Obama and Senate Democrats pretend they could hand out hundreds of billions in middle‐class tax breaks and refundable tax credits forever if only the House would raise tax rates on the top 2 percent. In reality, the July Senate bill extends some of these tax cuts for only one year while properly ending the untenable payroll‐tax holiday — which accounts for $115 billion of the fiscal cliff.
What about economic growth? The economy normally grows by 3 percent a year, even when recessions are included, but has now grown by 0 percent for five years. We need quite a few years of economic growth in the range of 5 to 6 percent to merely get back to the 3 percent trendline. Decent economic growth would slash spending on unemployment benefits, food stamps, Medicaid, SSI, and dubious disability claims, while boosting revenues from greater payrolls and profits. Democrats and Republicans may disagree on how much economic damage their tax‐increase proposals would cause, but nobody could argue that they would cause faster economic growth.
Before the election, by contrast, both Romney and Obama proposed reducing the corporate tax rate from 35 percent to 25–28 percent. This would give a lot of bang for no bucks. Nearly every other advanced country has a corporate tax rate no higher than 28 percent, and most of them raise more revenue than we do because they have greater domestic profits to tax (and less corporate debt to deduct). In “The Dynamic Effects of Personal and Corporate Income Tax Changes in the United States,” an ambitious historical survey, Karel Mertens of Cornell University and Morten O. Ravn of University College in London found that “cuts in corporate taxes have no significant impact on revenues because of a very elastic response of the tax base.”
Republicans’ favorite argument against high individual tax rates is that they hurt small businesses that choose to file under the individual tax code as pass‐through entities, such as partnerships or Subchapter S corporations.

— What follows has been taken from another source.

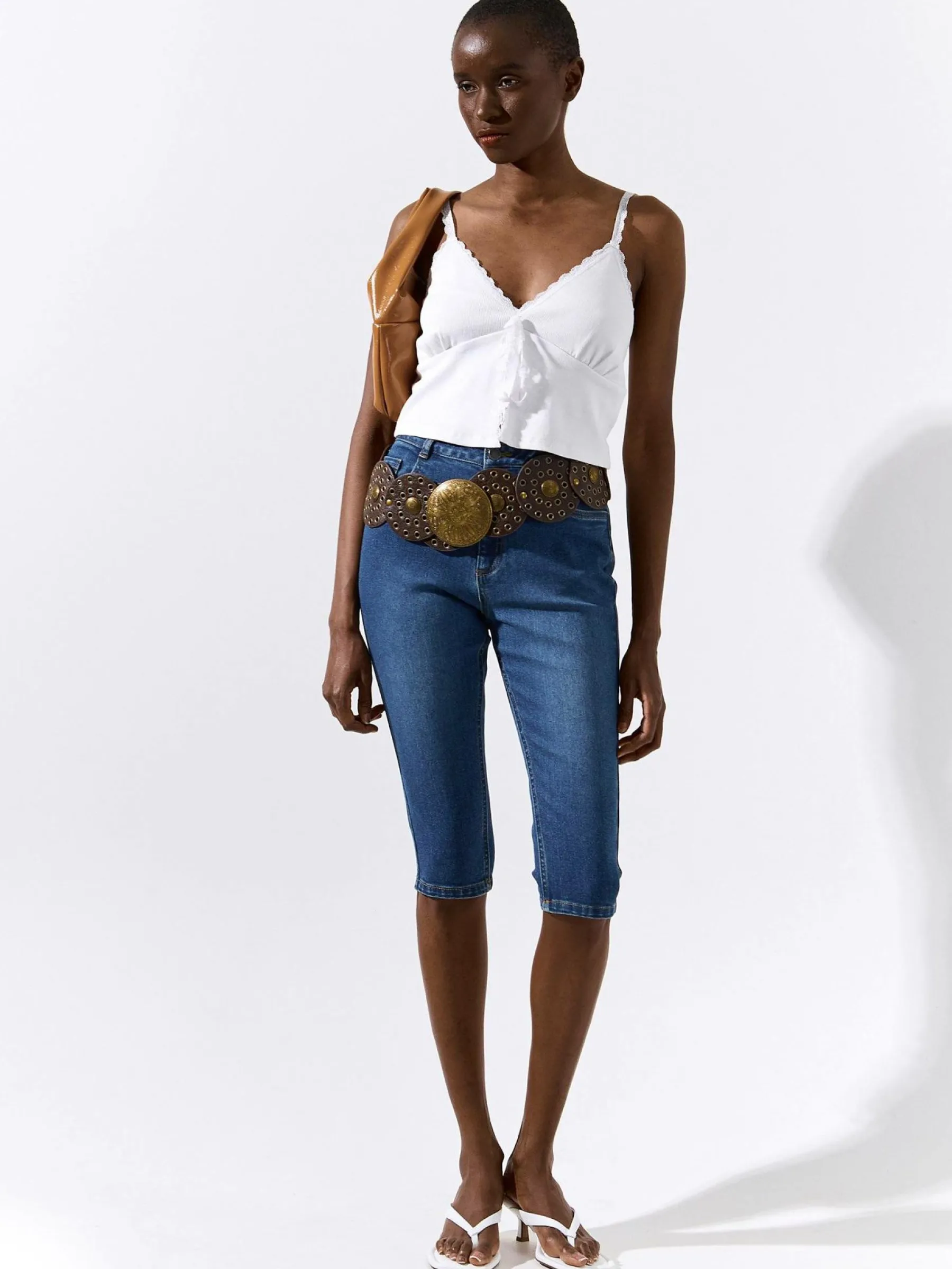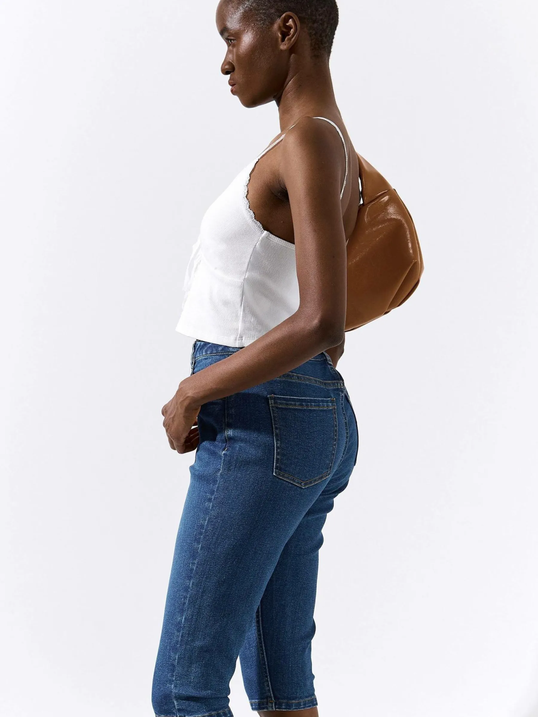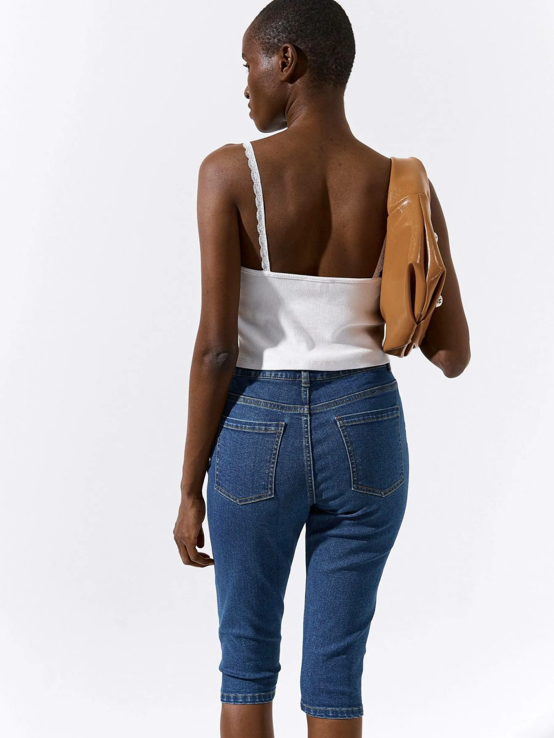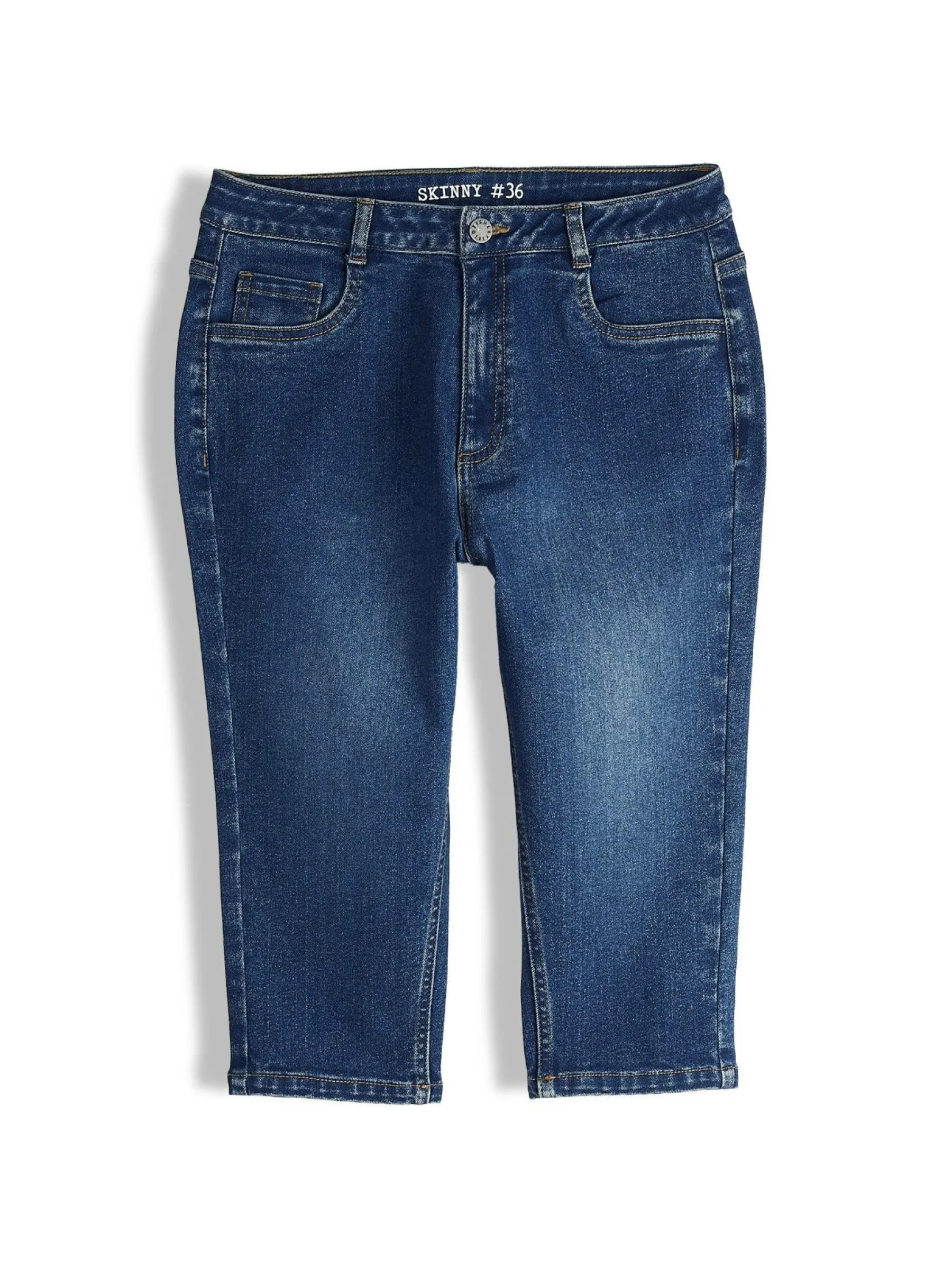 Kolor: niebieskiKrój: skinnyTyp: jeansDługość: trzy czwartePattern style: pojedynczy kolorDetal: na zamekMateriał: …

Such businesses grow by reinvesting their earnings, so taxing away 39.6 percent of the income generated by the business shrinks both the incentive and the funding needed to expand. A corporate tax rate of 25 to 28 percent, however, could be a vital safety valve. The wider gap between a presumably higher individual tax rate and a lower corporate tax rate would quickly induce thousands of pass‐through firms to set up Subchapter C corporations to shelter retained earnings from the possibly increased individual tax rate. The retained earnings would then be available for expanding the business. Business earnings would be double‐taxed at the individual level only if and when owners paid themselves higher salaries or dividends, or taxed as capital gains if the expanded business is later sold.

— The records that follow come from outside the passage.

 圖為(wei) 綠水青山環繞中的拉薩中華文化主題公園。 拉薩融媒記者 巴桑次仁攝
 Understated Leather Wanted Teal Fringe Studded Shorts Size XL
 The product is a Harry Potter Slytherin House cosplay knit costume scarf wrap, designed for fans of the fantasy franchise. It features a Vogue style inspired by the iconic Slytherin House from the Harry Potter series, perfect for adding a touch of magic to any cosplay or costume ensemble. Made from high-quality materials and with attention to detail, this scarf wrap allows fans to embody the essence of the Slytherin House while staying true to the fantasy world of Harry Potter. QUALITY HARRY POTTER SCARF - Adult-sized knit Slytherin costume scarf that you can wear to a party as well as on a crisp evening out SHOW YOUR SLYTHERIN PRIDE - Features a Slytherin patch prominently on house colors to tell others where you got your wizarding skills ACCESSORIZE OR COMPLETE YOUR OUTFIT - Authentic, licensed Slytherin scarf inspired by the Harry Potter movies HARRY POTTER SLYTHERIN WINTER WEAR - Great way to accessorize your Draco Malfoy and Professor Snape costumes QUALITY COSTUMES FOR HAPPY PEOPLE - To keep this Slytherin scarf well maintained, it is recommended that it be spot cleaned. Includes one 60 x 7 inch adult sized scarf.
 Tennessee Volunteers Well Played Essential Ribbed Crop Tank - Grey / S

House Republicans have been capitulating to most of Obama’s tax plans without getting anything tangible in return except the president’s blatantly impossible promise to make middle‐class tax breaks “permanent.” It is time for the GOP to ask the president to make good on his half‐hearted campaign rhetoric about cutting the corporate tax rate. This would greatly invigorate the tax climate for all businesses, big and small. The positive impact on business investment, and on multinational decisions to locate new businesses in the U.S. rather than abroad, would be swift and powerful. There is nothing to lose from cutting the corporate tax rate, not even revenue, and the economic gains are likely to be quite astonishing.